• TASK DETAILS:
With the pictures left out, retype exactly the lines below starting at the line that contains "共建活动中,院党委书记戴兆骏" and ending at the line that contains "Welcome guests to".

[Source data]
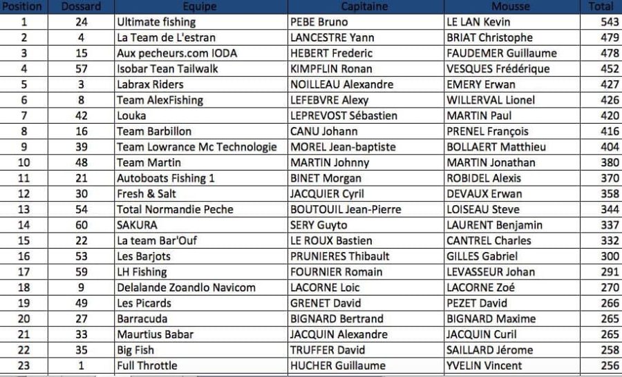 Des poissons entre 42 et 46 cm qui font énormément plaisir. Nous savons que la manche a été rude pour tout le monde, physiquement comme techniquement, à cause de cette mer formée, le vent et la difficulté de la zone.
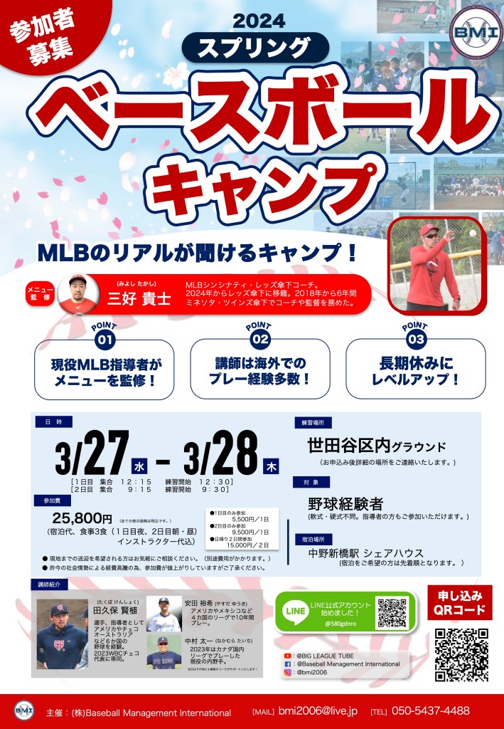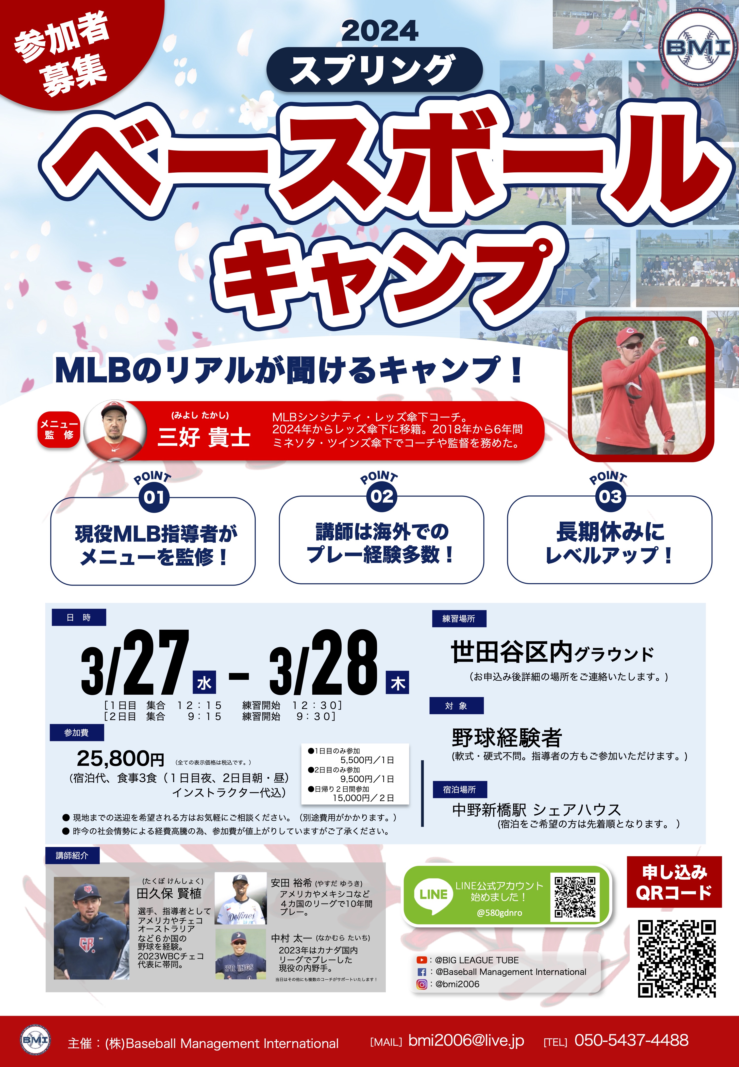 MLBシンシナティ・レッズ傘下マイナーリーグのコーチを現役で務めながら、弊社代表である三好貴士がプログラムを監修するこのキャンプでは様々な練習ドリルはもちろん、競争の激しい環境下でも勝ち抜けるメンタリティーを伝えていきます。
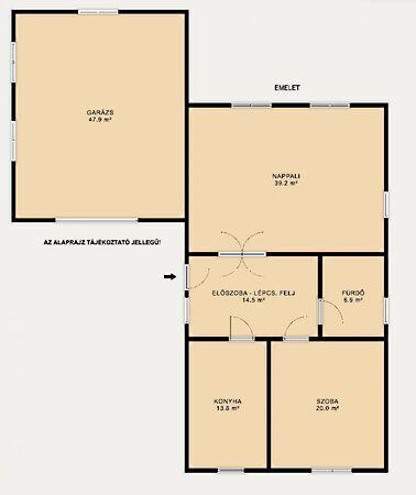 • Garázs: 50 m², alatta további 50 m²-es helyiség, amely nyári konyhának, wellness-részlegnek (szauna, jacuzzi stb.) vagy egyéb célra is kialakítható
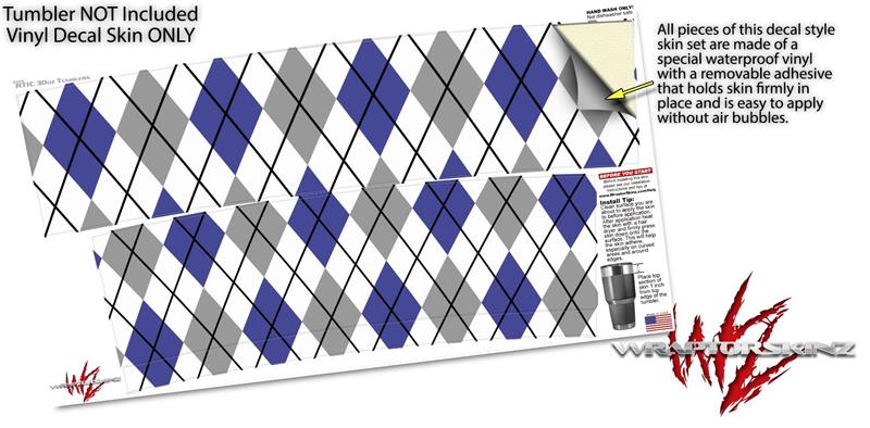 WraptorSkinz Skin Wrap compatible with RTIC 30oz ORIGINAL 2017 AND OLDER Tumblers Argyle Blue and Gray (TUMBLER NOT INCLUDED)
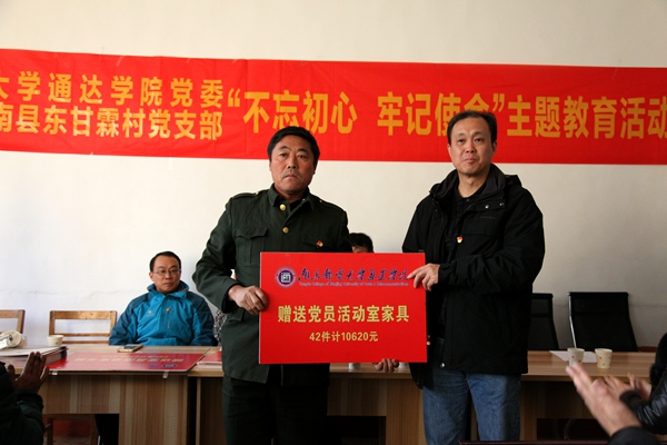 共建活动中,院党委书记戴兆骏与坊前镇党委书记李先军签署捐赠协议,向东甘霖村党支部捐赠图书、家具,支持东甘霖村党支部改善党员活动室的条件,并资助东甘霖村五名生活困难党员、群众各1000元。戴兆骏书记还走进贫困群众家中,与群众亲切交谈,拉家常、问冷暖,送上捐赠款。
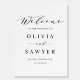 Welcome guests to your event with this customizable wedding welcome sign. It features black minimalist script and simple typography. Personalize by adding your details. This calligraphy wedding welcome sign is perfect for any wedding theme and season.
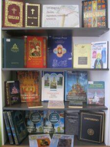 В отделе краеведения Центральной городской библиотеки к этому дню подготовлена выставка книг из фонда редких изданий. Представлены Библия и Новый Завет в переводе на удмуртский язык, Собрание трудов Патриарха Кирилла, Православная энциклопедия, книги «Православие в России» В.О. Ключевского и «Русские святые» В.Н. Крупина, «Проповеди» архимандрита Иоанна (Крестьянкина) и другие издания.
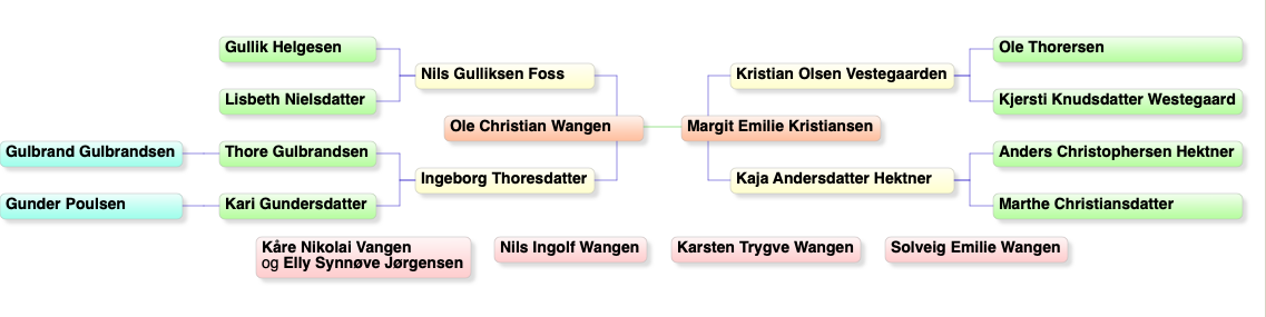 Margit Emilie Kristiansen og Ole Kristian Wangen var Karis farmor og farfar. Hun hadde sine røtter i Rælingen, han på Hadeland.
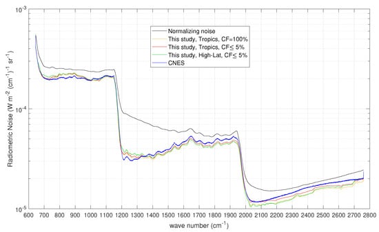 Results for the radiometric noise for the CrIS instrument. The figure also shows the noise used for normalization, which in this case corresponds to the CrIS radiometric noise assessed in []. The results have been averaged over the nine CrIS pixels or IFOVS.

• EXERCISE RESULT:
 共建活动中,院党委书记戴兆骏与坊前镇党委书记李先军签署捐赠协议,向东甘霖村党支部捐赠图书、家具,支持东甘霖村党支部改善党员活动室的条件,并资助东甘霖村五名生活困难党员、群众各1000元。戴兆骏书记还走进贫困群众家中,与群众亲切交谈,拉家常、问冷暖,送上捐赠款。
 Welcome guests to your event with this customizable wedding welcome sign. It features black minimalist script and simple typography. Personalize by adding your details. This calligraphy wedding welcome sign is perfect for any wedding theme and season.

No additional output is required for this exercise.